Brain is the industry standard name for a computer virus that was released in its first form on 19 January 1986, and is considered to be the first computer virus for the IBM Personal Computer (IBM PC) and compatibles.

== Description ==
Brain affects the PC by replacing the boot sector of a floppy disk with a copy of the virus. The real boot sector is moved to another sector and marked as bad. Infected disks usually have five kilobytes of bad sectors. The disk label is usually changed to ©Brain, and the following text can be seen in infected boot sectors:
Welcome to the Dungeon (c) 1986 Amjads (pvt) Ltd VIRUS_SHOE RECORD V9.0 Dedicated to the dynamic memories of millions of viruses who are no longer with us today - Thanks GOODNESS!!! BEWARE OF THE er..VIRUS : this program is catching program follows after these ....$#@%$@!!
There are many minor and major variations to that version of the text. The virus slows down the floppy disk drive and makes seven kilobytes of memory unavailable to DOS. Brain was written by Basit Farooq Alvi and Amjad Farooq Alvi, who at the time lived in Chah Miran, near Lahore Railway Station, in Lahore, Pakistan. The Alvi brothers told Time magazine they had written it to protect their medical software from illegal copying, and it was supposed to target copyright infringement only. The cryptic message "Welcome to the Dungeon", a safeguard and reference to an early programming forum on Dungeon BBS, appeared after a year because the brothers licensed a beta version of the code. The brothers could not be contacted to receive the final release of this version of the program.

Brain lacks code for dealing with hard disk partitioning, and avoids infecting hard disks by checking the most significant bit of the BIOS drive number being accessed. Brain does not infect the disk if the bit is set, unlike other viruses at the time, which paid no attention to disk partitioning and consequently destroyed data stored on hard disks by treating them in the same way as floppy disks. Brain often went undetected, partially due to this deliberate non-destructiveness, especially when the user paid little to no attention to the low speed of floppy disk access.

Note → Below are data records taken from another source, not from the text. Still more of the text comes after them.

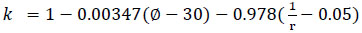 Step 3: Determine the correction factor (k) for the multilane roundabout; for example, where the entry angle is 550 and entry radius is 30m;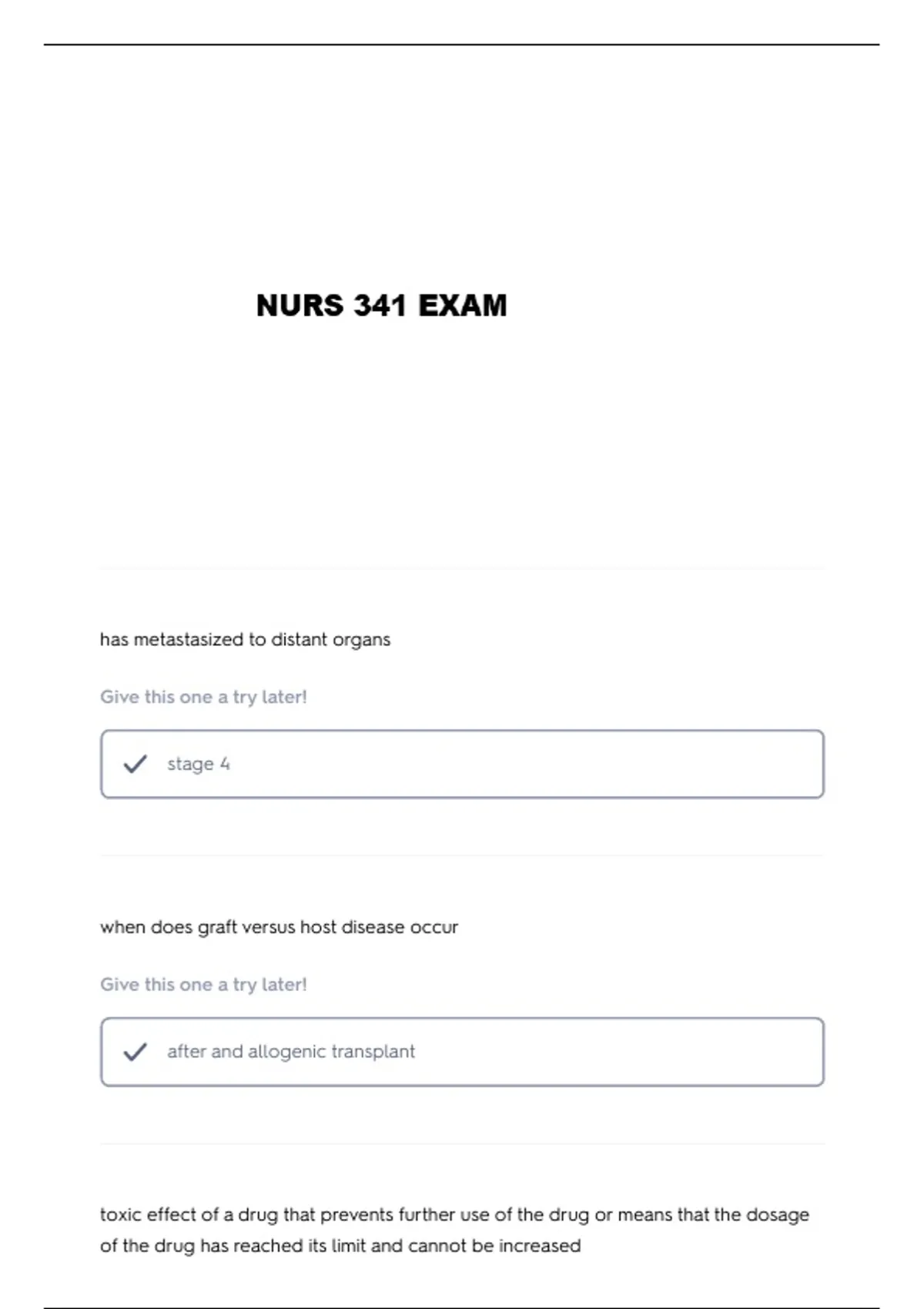 NURS 341 FINAL EXAM ONCOLOGY AND HEMATOLOGY QUESTIONS AND VERIFIED ANSWERS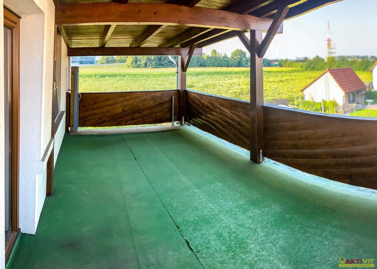 Im Obergeschoss sind ein weiteres Wohnzimmer bzw. Zimmer, ein Schlafzimmer, eine Küche, ein Badezimmer und ein getrenntes WC über einen zentralen Flur verbunden. Von der Küche gelangt man in das zweite Wohnzimmer. Ein Balkon ergänzt das Raumangebot auf dieser Etage.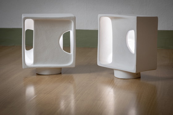 Paar sculpturale tafellampen, model Toro, geïnspireerd op een vuurtoren, in wit chamotte-aardewerk, gesigneerd en genummerd. Geleverd met elektriciteit.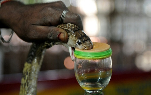 Hợp tác xã của người Irula do một nhà bảo tồn người Mỹ tên Rom Whitaker thành lập, hiện nằm dưới sự điều hành của chính quyền địa phương. Những con rắn bắt được bị nhốt trong một tháng để thu hoạch nọc độc 4 lần. Họ sẽ giữ đầu và ấn răng nanh con rắn vào lớp da trên miệng cốc thuỷ tinh để nọc chảy xuống. Ảnh:Alamy.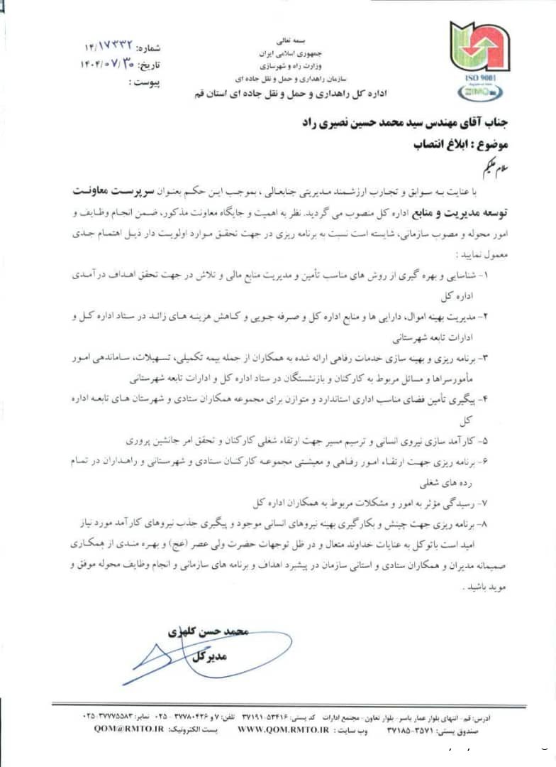 طی حکمی از سوی محمد حسن کلهری ،معاون توسعه و مدیریت و منابع اداره کل راهداری و حملونقل جادهای استان قم شد.

The virus came complete with address and three phone numbers, and a message that told the user that their machine was infected and to call them for inoculation:
Welcome to the Dungeon © 1986 Amjads (pvt). BRAIN COMPUTER SERVICES 730 NIZAM
BLOCK ALLAMA IQBAL TOWN LAHORE-PAKISTAN PHONE: 430791,443248,280530. Beware of this VIRUS.... Contact us for vaccination...

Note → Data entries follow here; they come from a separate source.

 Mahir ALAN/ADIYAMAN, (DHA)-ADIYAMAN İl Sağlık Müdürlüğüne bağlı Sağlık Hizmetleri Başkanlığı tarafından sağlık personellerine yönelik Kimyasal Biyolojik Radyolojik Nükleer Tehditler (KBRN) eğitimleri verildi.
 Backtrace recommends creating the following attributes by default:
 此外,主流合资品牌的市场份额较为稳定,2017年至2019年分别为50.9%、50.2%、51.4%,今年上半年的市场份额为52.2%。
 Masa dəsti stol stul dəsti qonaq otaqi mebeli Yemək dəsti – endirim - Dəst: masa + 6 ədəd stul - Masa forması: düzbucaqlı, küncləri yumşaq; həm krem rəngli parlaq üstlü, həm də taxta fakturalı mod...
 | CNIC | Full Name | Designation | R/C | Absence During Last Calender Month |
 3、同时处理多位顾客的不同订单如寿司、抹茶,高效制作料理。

This software was originally used to track a heart monitoring application for the IBM PC, and people were distributing illicit copies of the disks. This tracking tool was supposed to stop and track illegal copies of the media, however the program also sometimes used the last five kilobytes on an Apple floppy, making additional saves to the disk by other programs impossible.

== Author response ==
When the brothers began to receive a large number of phone calls from people in the United Kingdom, the United States, and elsewhere, demanding that they disinfect their machines, they were stunned and tried to explain to the outraged callers that their motivation had not been malicious. Their phone lines were overloaded. The brothers, with another brother, Shahid Farooq Alvi, continued business in Pakistan, as Brain NET Internet service providers with a company called Brain Telecommunication Limited.

In 2011, 25 years after Brain was released, Mikko Hyppönen of F-Secure went to Pakistan to interview Amjad and Basit for a documentary. Being inspired by this documentary and its widespread popularity, a group of Pakistani bloggers interviewed Amjad and Basit, under the banner of Bloggerine.